WORK TASK: The full listing, copied exactly and free of pictures, is the expected reply.

+++ DATA IN THIS EXERCISE

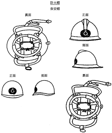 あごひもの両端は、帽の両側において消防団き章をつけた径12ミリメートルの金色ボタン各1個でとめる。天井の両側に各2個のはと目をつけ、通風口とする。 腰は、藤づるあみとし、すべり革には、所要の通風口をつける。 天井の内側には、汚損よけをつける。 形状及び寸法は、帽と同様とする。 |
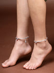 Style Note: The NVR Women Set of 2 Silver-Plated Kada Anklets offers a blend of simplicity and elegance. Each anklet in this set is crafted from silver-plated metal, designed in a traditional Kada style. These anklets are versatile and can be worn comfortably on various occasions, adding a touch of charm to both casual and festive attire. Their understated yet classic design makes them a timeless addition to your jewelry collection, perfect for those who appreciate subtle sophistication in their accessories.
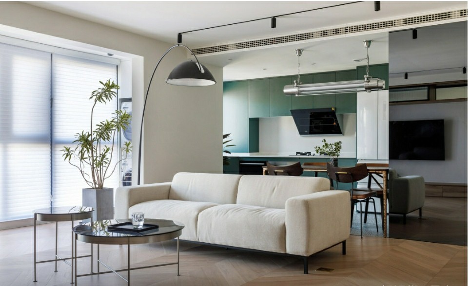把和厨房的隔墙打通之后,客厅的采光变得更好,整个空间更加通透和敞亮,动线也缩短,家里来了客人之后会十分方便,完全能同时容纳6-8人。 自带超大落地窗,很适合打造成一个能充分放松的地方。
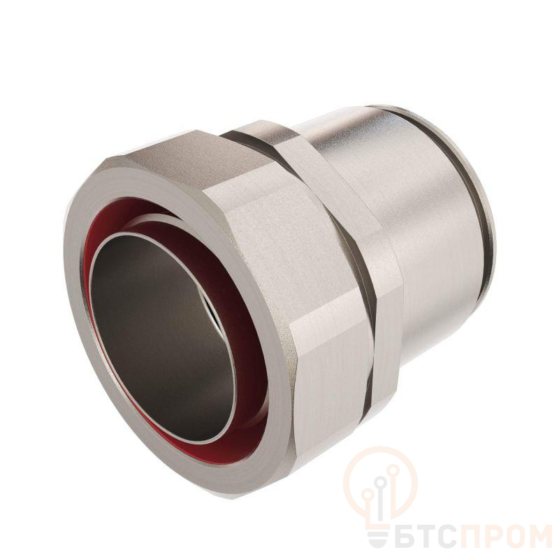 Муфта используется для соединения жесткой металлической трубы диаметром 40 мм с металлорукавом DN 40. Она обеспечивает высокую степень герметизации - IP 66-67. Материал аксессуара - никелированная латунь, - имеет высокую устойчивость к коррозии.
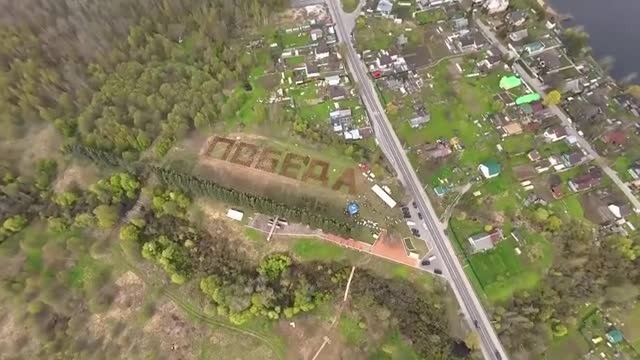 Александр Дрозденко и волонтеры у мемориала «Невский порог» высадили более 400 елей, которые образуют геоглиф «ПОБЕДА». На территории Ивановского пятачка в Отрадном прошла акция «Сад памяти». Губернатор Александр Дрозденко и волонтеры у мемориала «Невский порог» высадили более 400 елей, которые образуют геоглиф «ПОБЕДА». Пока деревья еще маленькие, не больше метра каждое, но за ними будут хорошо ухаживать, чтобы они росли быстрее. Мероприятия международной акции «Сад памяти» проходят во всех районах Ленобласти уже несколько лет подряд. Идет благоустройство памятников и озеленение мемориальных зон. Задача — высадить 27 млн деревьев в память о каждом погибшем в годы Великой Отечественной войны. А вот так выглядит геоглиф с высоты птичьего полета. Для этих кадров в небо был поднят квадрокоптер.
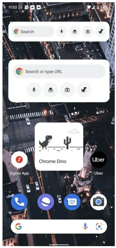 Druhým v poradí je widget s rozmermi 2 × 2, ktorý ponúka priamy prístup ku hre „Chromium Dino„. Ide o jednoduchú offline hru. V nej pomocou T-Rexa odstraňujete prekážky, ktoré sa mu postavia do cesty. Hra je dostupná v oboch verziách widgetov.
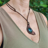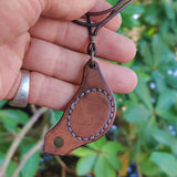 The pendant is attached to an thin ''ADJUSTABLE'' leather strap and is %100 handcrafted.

++++++

TASK RESULT:
 あごひもの両端は、帽の両側において消防団き章をつけた径12ミリメートルの金色ボタン各1個でとめる。天井の両側に各2個のはと目をつけ、通風口とする。 腰は、藤づるあみとし、すべり革には、所要の通風口をつける。 天井の内側には、汚損よけをつける。 形状及び寸法は、帽と同様とする。 |
 Style Note: The NVR Women Set of 2 Silver-Plated Kada Anklets offers a blend of simplicity and elegance. Each anklet in this set is crafted from silver-plated metal, designed in a traditional Kada style. These anklets are versatile and can be worn comfortably on various occasions, adding a touch of charm to both casual and festive attire. Their understated yet classic design makes them a timeless addition to your jewelry collection, perfect for those who appreciate subtle sophistication in their accessories.
把和厨房的隔墙打通之后,客厅的采光变得更好,整个空间更加通透和敞亮,动线也缩短,家里来了客人之后会十分方便,完全能同时容纳6-8人。 自带超大落地窗,很适合打造成一个能充分放松的地方。
 Муфта используется для соединения жесткой металлической трубы диаметром 40 мм с металлорукавом DN 40. Она обеспечивает высокую степень герметизации - IP 66-67. Материал аксессуара - никелированная латунь, - имеет высокую устойчивость к коррозии.
 Александр Дрозденко и волонтеры у мемориала «Невский порог» высадили более 400 елей, которые образуют геоглиф «ПОБЕДА». На территории Ивановского пятачка в Отрадном прошла акция «Сад памяти». Губернатор Александр Дрозденко и волонтеры у мемориала «Невский порог» высадили более 400 елей, которые образуют геоглиф «ПОБЕДА». Пока деревья еще маленькие, не больше метра каждое, но за ними будут хорошо ухаживать, чтобы они росли быстрее. Мероприятия международной акции «Сад памяти» проходят во всех районах Ленобласти уже несколько лет подряд. Идет благоустройство памятников и озеленение мемориальных зон. Задача — высадить 27 млн деревьев в память о каждом погибшем в годы Великой Отечественной войны. А вот так выглядит геоглиф с высоты птичьего полета. Для этих кадров в небо был поднят квадрокоптер.
 Druhým v poradí je widget s rozmermi 2 × 2, ktorý ponúka priamy prístup ku hre „Chromium Dino„. Ide o jednoduchú offline hru. V nej pomocou T-Rexa odstraňujete prekážky, ktoré sa mu postavia do cesty. Hra je dostupná v oboch verziách widgetov.
 The pendant is attached to an thin ''ADJUSTABLE'' leather strap and is %100 handcrafted.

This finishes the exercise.